Design is helping to power academia for the future.
University students love open, social spaces, and universities themselves are seeing the benefits of more collaborative, dynamic and space-efficient workplaces. But the challenges for academics – like noise, confidentiality, security and status – remain the same. Academics need to do deep, focused, individual work without disruption.
The average person does 10 different work activities in a given day, many of which aren’t suited for a private office.
EFFICIENCY VERSUS CREATIVITY
What’s prompting universities to seek out new models for the academic workplace? Is the open model simply about saving space? Or is there a benefit beyond that – like greater interaction and more sharing of ideas?
A deeper driver is universities’ new emphasis on collaborative research, especially with industry, which requires more dynamic collaboration skills to create relationships and partnerships. These activities need new kinds of supportive spaces that still allow for the deep, individual, focused work that remains important.
“I run into people every day now that I would have seen maybe once a year.”
Head of Studies, QUT Creative Industries
“The building is fantastic, so staff were willing to compromise on office space for other benefits – views, location, ambience.”

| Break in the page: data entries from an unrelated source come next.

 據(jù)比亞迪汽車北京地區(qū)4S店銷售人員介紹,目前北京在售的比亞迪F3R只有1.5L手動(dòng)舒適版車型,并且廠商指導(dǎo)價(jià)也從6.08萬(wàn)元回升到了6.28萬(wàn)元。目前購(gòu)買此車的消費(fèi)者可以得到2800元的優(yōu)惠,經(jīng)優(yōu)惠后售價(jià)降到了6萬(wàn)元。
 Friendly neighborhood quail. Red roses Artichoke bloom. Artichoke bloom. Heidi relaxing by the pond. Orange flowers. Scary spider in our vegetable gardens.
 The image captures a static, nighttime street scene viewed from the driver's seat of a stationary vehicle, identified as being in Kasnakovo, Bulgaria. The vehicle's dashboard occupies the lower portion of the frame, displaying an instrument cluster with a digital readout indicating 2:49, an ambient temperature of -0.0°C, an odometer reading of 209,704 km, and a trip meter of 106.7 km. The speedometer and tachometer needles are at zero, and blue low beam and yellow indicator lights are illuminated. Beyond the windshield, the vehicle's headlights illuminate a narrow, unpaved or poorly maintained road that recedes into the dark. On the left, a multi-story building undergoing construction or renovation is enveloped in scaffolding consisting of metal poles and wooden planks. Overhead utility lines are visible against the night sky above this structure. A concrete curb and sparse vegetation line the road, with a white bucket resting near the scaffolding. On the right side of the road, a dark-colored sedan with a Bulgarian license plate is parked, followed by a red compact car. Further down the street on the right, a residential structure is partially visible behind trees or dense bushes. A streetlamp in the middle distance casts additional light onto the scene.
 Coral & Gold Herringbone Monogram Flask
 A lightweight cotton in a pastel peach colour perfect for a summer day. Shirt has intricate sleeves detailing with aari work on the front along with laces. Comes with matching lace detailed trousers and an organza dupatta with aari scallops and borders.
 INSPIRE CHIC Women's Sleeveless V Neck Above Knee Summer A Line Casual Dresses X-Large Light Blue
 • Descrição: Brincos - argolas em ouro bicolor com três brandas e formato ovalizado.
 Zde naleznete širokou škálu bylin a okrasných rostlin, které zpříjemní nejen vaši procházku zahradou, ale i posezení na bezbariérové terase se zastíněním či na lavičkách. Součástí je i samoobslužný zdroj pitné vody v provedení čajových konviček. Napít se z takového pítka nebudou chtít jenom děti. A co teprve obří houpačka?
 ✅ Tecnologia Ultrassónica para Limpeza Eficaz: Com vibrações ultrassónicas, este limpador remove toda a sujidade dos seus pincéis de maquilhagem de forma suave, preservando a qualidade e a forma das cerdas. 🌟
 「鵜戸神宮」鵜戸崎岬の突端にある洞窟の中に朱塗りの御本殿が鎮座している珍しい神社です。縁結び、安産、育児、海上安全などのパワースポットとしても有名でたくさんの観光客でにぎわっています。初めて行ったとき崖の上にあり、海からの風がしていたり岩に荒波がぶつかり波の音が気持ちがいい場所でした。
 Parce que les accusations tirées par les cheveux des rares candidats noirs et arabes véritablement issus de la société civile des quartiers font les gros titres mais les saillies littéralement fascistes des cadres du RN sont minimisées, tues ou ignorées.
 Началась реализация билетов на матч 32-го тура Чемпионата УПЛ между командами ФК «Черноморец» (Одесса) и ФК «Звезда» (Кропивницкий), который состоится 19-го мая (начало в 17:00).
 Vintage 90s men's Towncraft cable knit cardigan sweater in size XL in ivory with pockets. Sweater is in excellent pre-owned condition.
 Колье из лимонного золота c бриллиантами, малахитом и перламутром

Chair, Project Control Group, Advanced Engineering Building, University of Queensland
BETTER FOR EVERYONE
Our research found that space efficiency is not necessarily the point of academic workplace change.
A redistribution of space creates a more engaging workplace for everyone, but it starts with more involvement from academics. Ask them to contribute opinions and needs. Let them ‘try before they buy’. And create an environment where everyone can work the way they need to.